If \(G\) is a group containing elements \(g_1, g_2, \ldots, g_t\) such that \(g_i^{n_i} = 1\) for each \(i\) and \(g_ig_j = g_jg_i\) for all \(i\) and \(j\), then there is a unique group homomorphism \(\theta : A \rightarrow G\) such that \(\theta(1_i) = g_i\) for each \(i\). (Here, \(1_i\) is the element of \(A\) with a \(\underline{1}\) in the \(i\)th entry and \(\underline{0}\) elsewhere.)

Let \(\theta \subseteq A \times G\) consist of the pairs \[\left(\left(\underline{b_i}\right)_{i=1}^t, \prod_{i=1}^t g_i^{b_i}\right).\] We claim that \(\theta\) is a group homomorphism. Clearly \(\theta\) is total.

To see that \(\theta\) is well-defined, suppose we have tuples \(\left(\underline{b_i}\right), \left(\underline{c_i}\right) \in A\) such that \((\underline{b_i}) = (\underline{c_i})\); that is, for each \(i\) we have \(b_i \equiv c_i \pmod{n_i}\), and thus \(b_i - c_i = k_in_i\) for some \(k_i\). Now \[\prod_{i=1}^t g_i^{b_i - c_i} = \prod_{i=1}^t g_i^{k_in_i} = \prod_{i=1}^t (g_i^{n_i})^{k_i} = \prod_{i=1}^t 1^{k_i} = \prod_{i=1}^t 1 = 1,\] and thus (since the \(g_i\) commute pairwise) \[\prod_{i=1}^t g_i^{b_i} = \prod_{i=1}^t g_i^{c_i}.\] Thus \(\theta\) is a mapping.
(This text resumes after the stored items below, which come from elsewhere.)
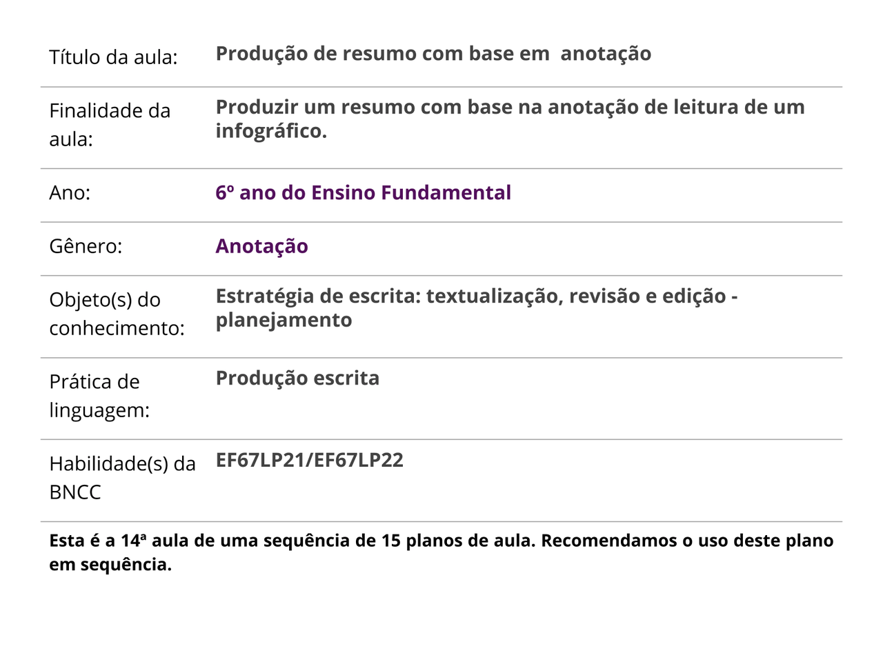 Plano De Aula 6º Ano Lingua Portuguesa Producao De Resumo
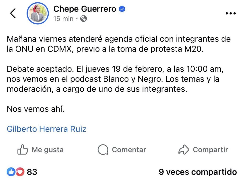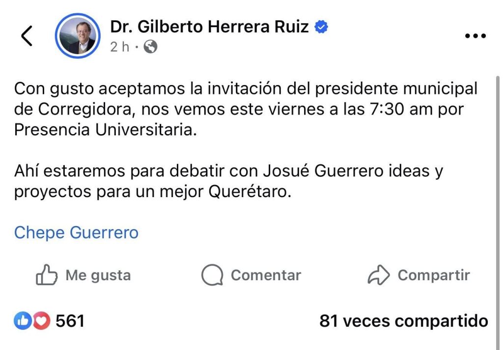 A través de sus redes sociales, Herrera Ruiz informó que aceptó la invitación y anunció que el encuentro se realizará este viernes a las 7:30 de la mañana en Presencia Universitaria, donde —dijo— debatirá “ideas y proyectos para un mejor Querétaro”.
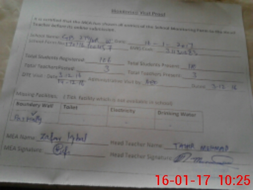 | Certified that this School was Inspected by the Undersigned MEA/DMO Today and the Information Stated Above is as Per Record. | |||||
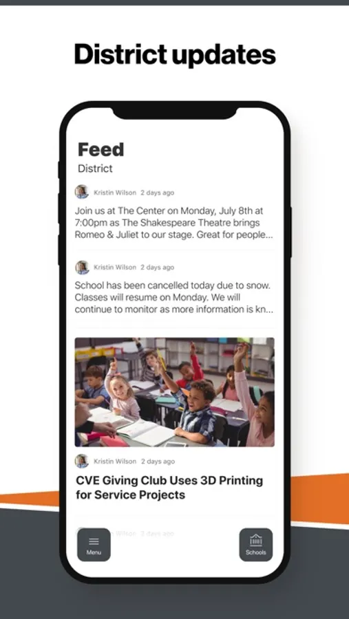 In the Live Feed is where you'll find updates from the administration about what's going on in the district right now. Whether that's celebrating a student's success, or reminding you about an upcoming deadline.
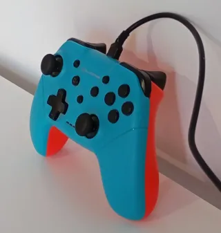 Mando alámbrico con un diseño ergonómico y llamativo en azul y naranja. Cable de 3m - Conexión por cable. - Sticks analógicos y cruceta. - Botones frontales y traseros.
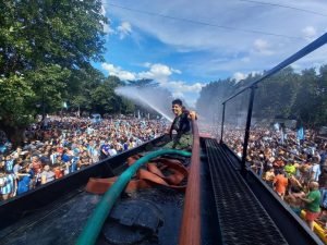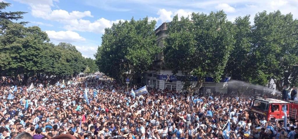 Cada rincón de la patria festejó en las calles, y Las Flores también salió a exteriorizar su alocada emoción con cánticos, bocinazos, bombos, banderas, gorros, y hasta los bomberos tratando de apaciguar con un poco de agua el tremendo calor de la locura popular.

Now note that if \(\left(\underline{b_i}\right), \left(\underline{c_i}\right) \in A\), we have \[\begin{array}{rcl} \theta\left(\left(\underline{b_i}\right)+\left(\underline{c_i}\right)\right) & = & \theta\left(\underline{b_i+c_i}\right) \\ & = & \prod_{i=1}^t g_i^{b_i + c_i} \\ & = & \prod_{i=1}^t g_i^{b_i} g_i^{c_i} \\ & = & \prod_{i=1}^t g_i^{b_i} \cdot \prod_{i=1}^t g_i^{c_i} \\ & = & \theta\left(\underline{b_i}\right) \cdot \theta\left(\underline{c_i}\right). \\ \end{array}\]

(From line 3 to 4 we use the fact that the \(g_i\) commute pairwise.) So \(\theta\) is a group homomorphism. Finally, it is clear that \(\theta(1_i) = g_i\) for each \(i\).

Now suppose \(\sigma : A \rightarrow G\) is a group homomorphism such that \(\sigma(1_i) = g_i\) for each \(i\). We have \[\begin{array}{rcl} \sigma\left(\underline{b_i}\right) & = & \sigma\left(\sum_{i=1}^t b_i 1_i\right) \\ & = & \prod_{i=1}^t \sigma(1_i)^{b_i} \\ & = & \prod_{i=1}^t g_i^{b_i} \\ & = & \theta\left(\underline{b_i}\right) \\ \end{array}\] so that \(\sigma = \theta\) as claimed.